**EXERCISE DETAILS**
Transcribe the entries below word for word, beginning at the line with "This beautiful dark" and stopping after the line with "[Our Size XXL]"; drop all pictures.

**EXERCISE DATA**

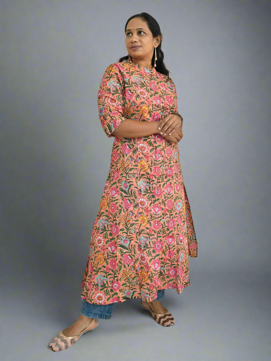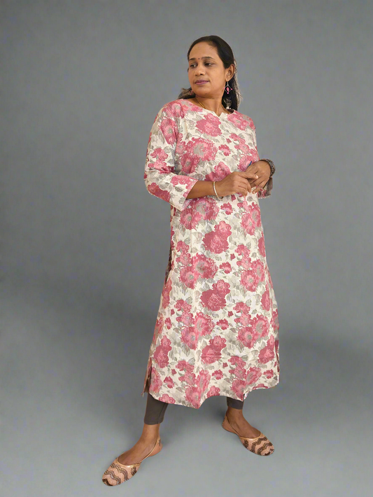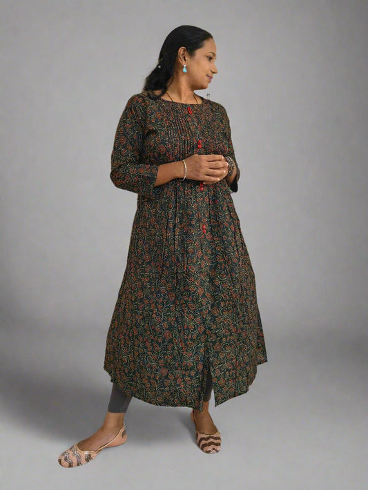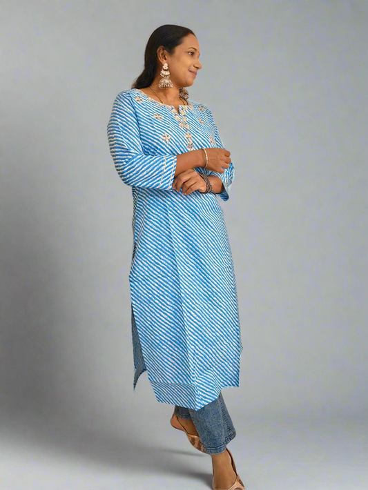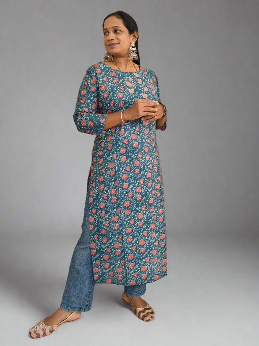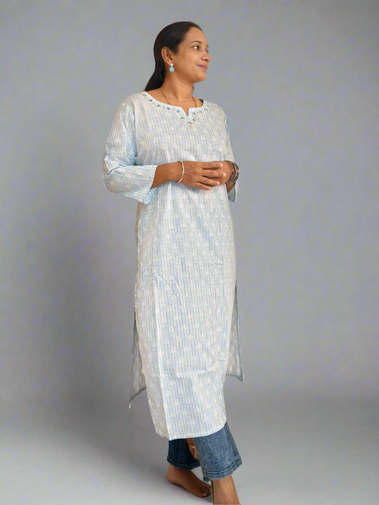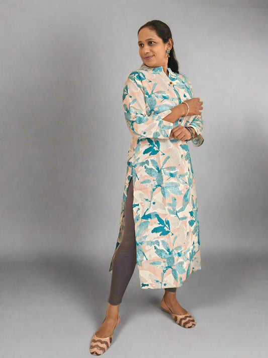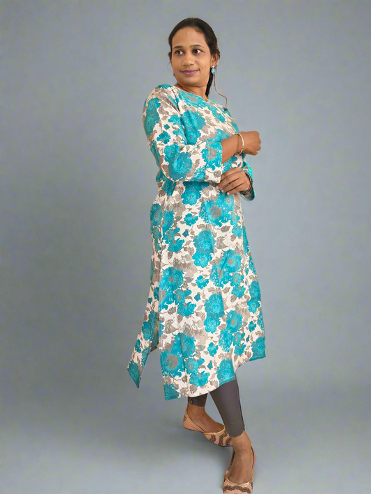 BLUE LEAF PRINT FLEX COTTON KURTI
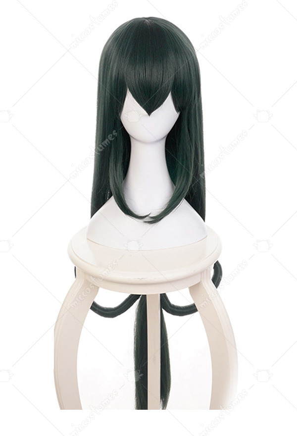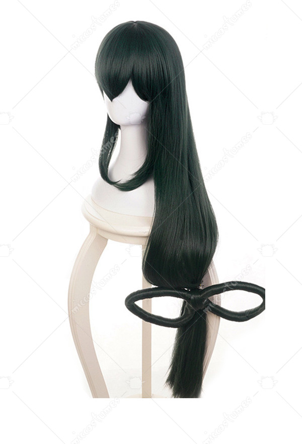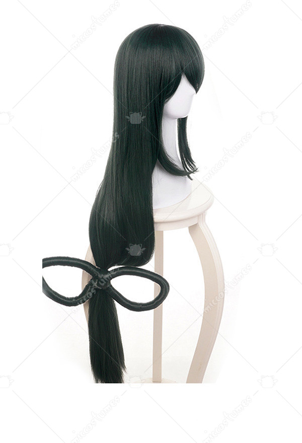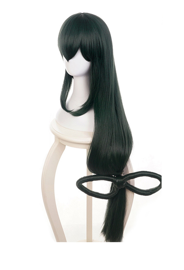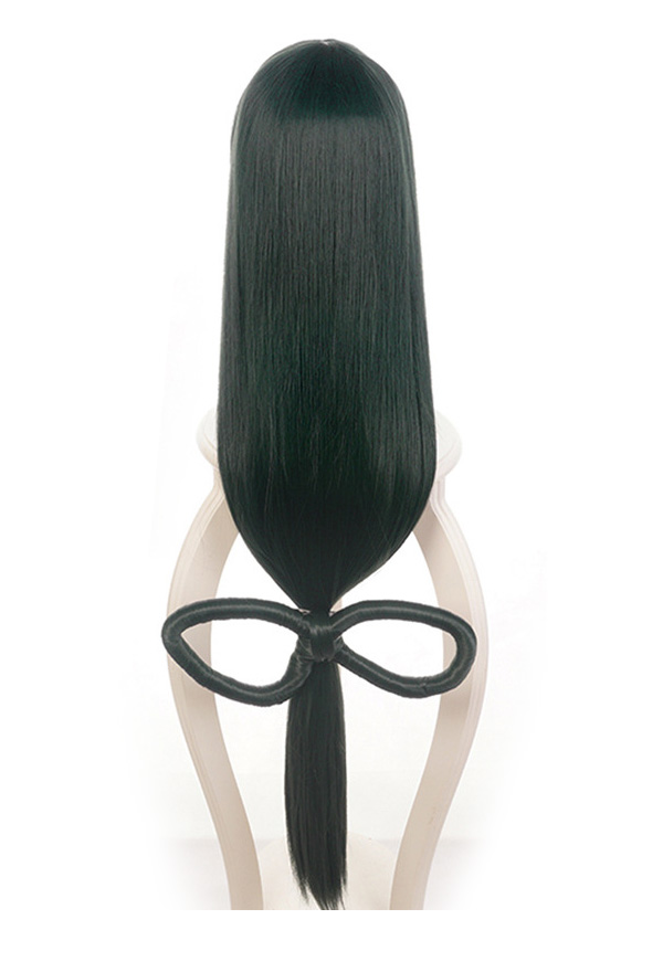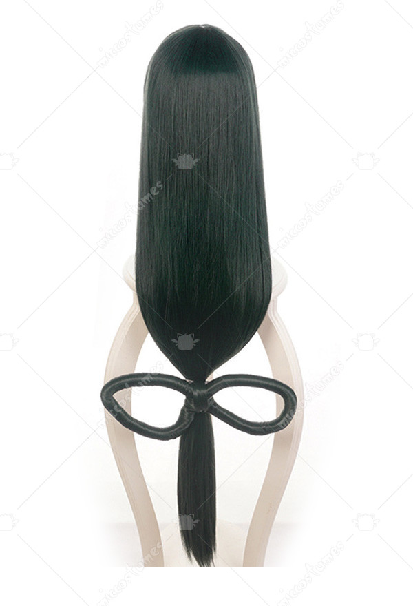 This beautiful dark green straight wig is about 110cm long. You can fix the hair by adding a ponytail around the hair tail.
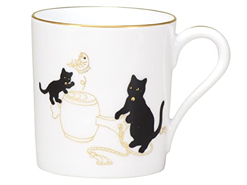 Okura Pottery Black Cat and Child - Auspicious Tale - Mug #2 "Uchide no Kozuchi" (Lucky Mallet) Approx. 320cc Made in Japan 107C/5401-2
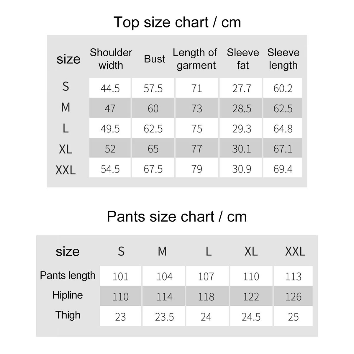 [Our Size XXL] Top Bust: 67.5cm/26.58", Sleeve Circumference: 30.9cm/12.17", Shoulder: 54.5cm/21.46", Sleeve: 69.4cm/27.32", Length: 79cm/31.10", Pants Length: 113cm/44.49", Hip: 126cm/49.61", Leg: 25cm/9.84" (Approx.)
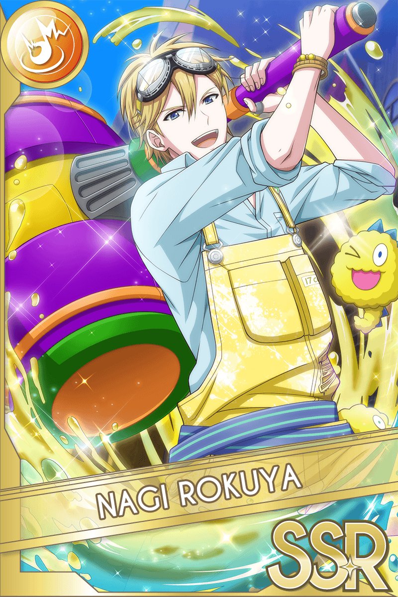 1boy artist_request black-framed_eyewear blonde_hair blue_background blue_eyes blue_shirt bracelet buttons card_(medium) character_name collared_shirt commentary_request cowboy_shot cute_weapon goggles goggles_on_head gold_bracelet hair_between_eyes hammer happy highres holding holding_hammer huge_weapon idolish7 jewelry light_particles male_focus monster multiple_bracelets official_art open_mouth over_shoulder overalls paint pocket rokuya_nagi second-party_source shirt short_hair sleeves_rolled_up smile solo sparkle teeth upper_teeth_only weapon weapon_over_shoulder yellow_overalls
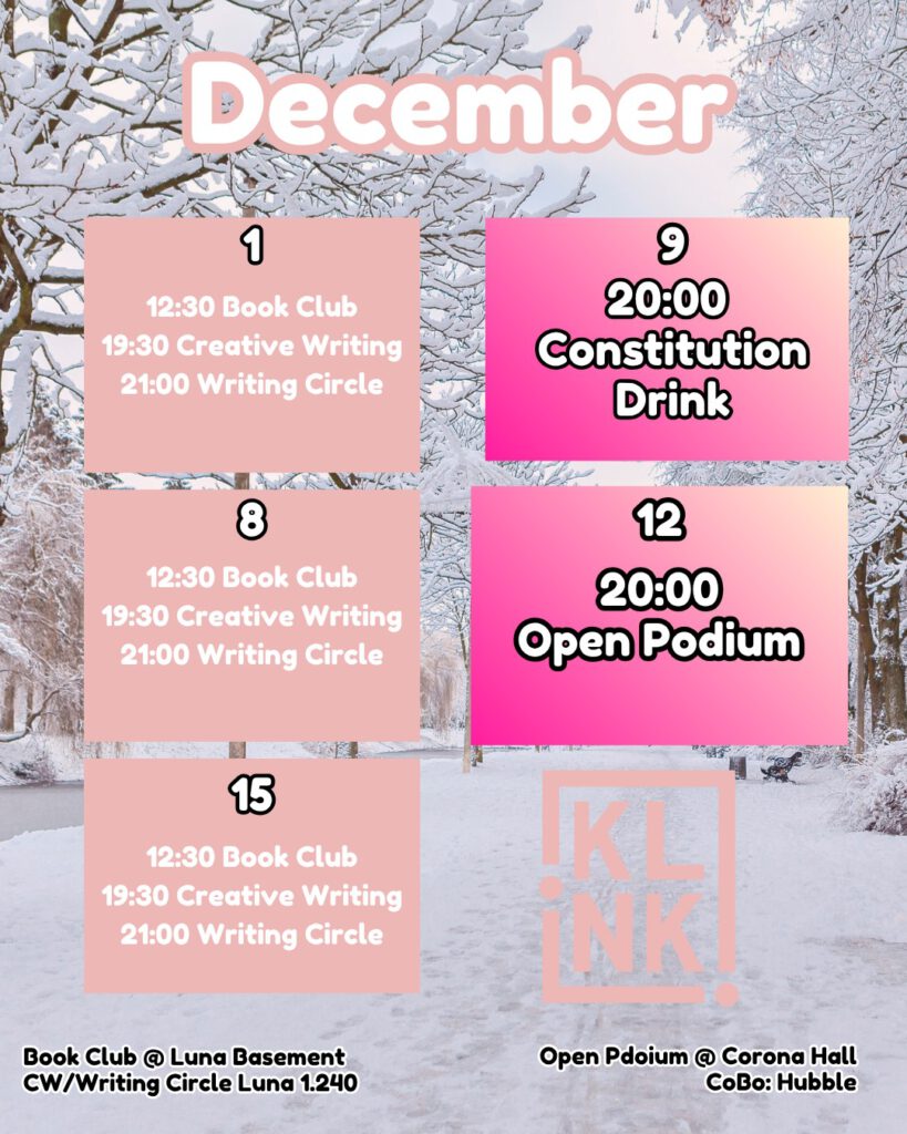 Every Monday from 19:30 to 20:30, KL!NK hosts a Creative Writing session. During these sessions, we do not care about quality; we just WRITE! If you want to give it a try, just walk in, you do not need to sign up. For more long-term projects, we also have a writing circle to help you write your dream novel.
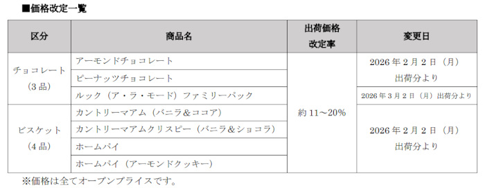 対象商品は、菓子商品7品で、改定率は約11~20%の値上げとなる。
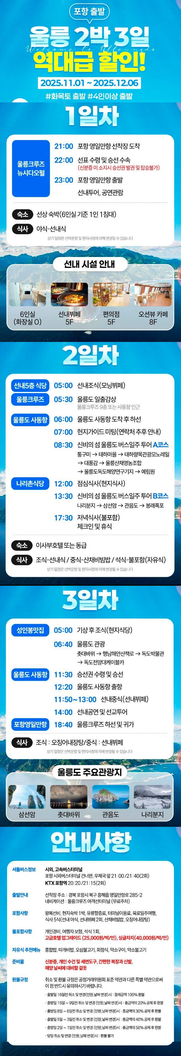 | 여행코스 | 포항역-영일만 여객터미널-크루즈탑승-울릉도-포항 |
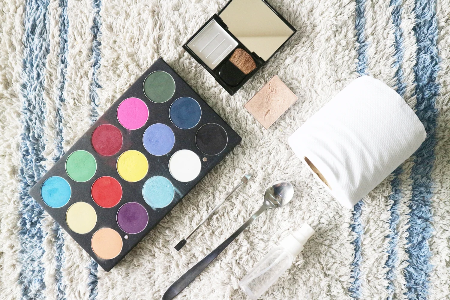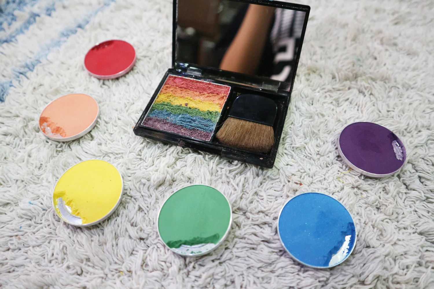 - Eyeshadows or pigments in the shades of the rainbow (you can use a cheap one)
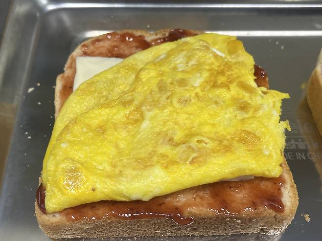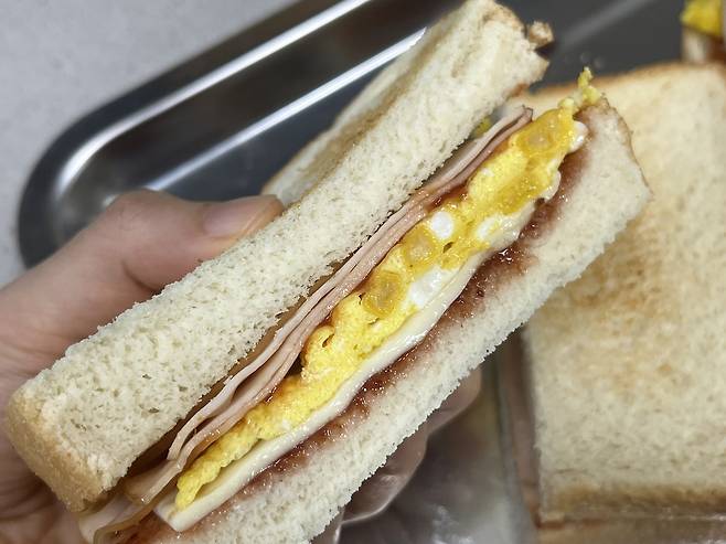 계란은 적당한 크기로 잘라서 접어서 준비합니다. 이렇게 하면 빵 사이에 끼워 넣기 훨씬 수월하고, 먹는 동안 재료가 흘러내리지 않아 깔끔합니다.
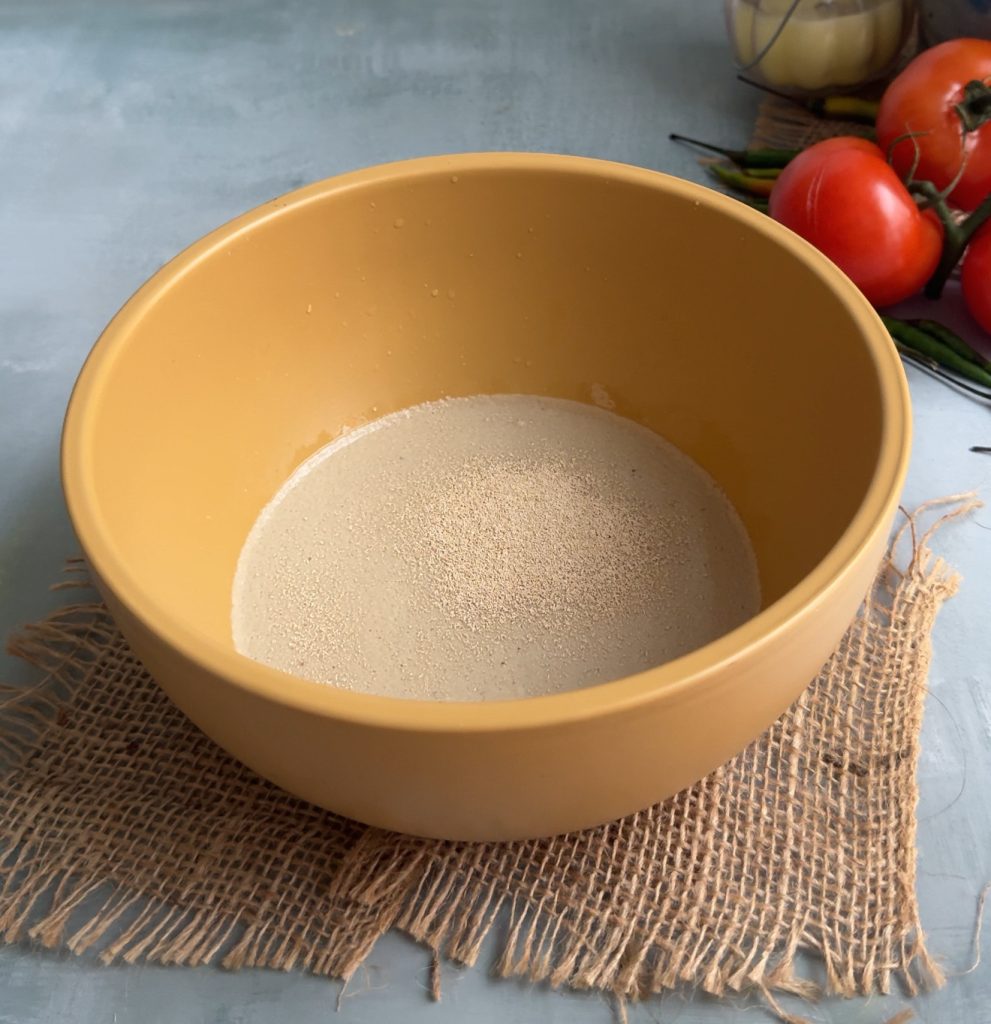 - In a large bowl, combine ½ cup warm water, sugar, and instant yeast. Mix well, cover, and let it rest for 5–10 minutes until bubbly. If it does not foam, repeat with fresh yeast.

**WRITTEN RESPONSE**
 This beautiful dark green straight wig is about 110cm long. You can fix the hair by adding a ponytail around the hair tail.
 Okura Pottery Black Cat and Child - Auspicious Tale - Mug #2 "Uchide no Kozuchi" (Lucky Mallet) Approx. 320cc Made in Japan 107C/5401-2
 [Our Size XXL] Top Bust: 67.5cm/26.58", Sleeve Circumference: 30.9cm/12.17", Shoulder: 54.5cm/21.46", Sleeve: 69.4cm/27.32", Length: 79cm/31.10", Pants Length: 113cm/44.49", Hip: 126cm/49.61", Leg: 25cm/9.84" (Approx.)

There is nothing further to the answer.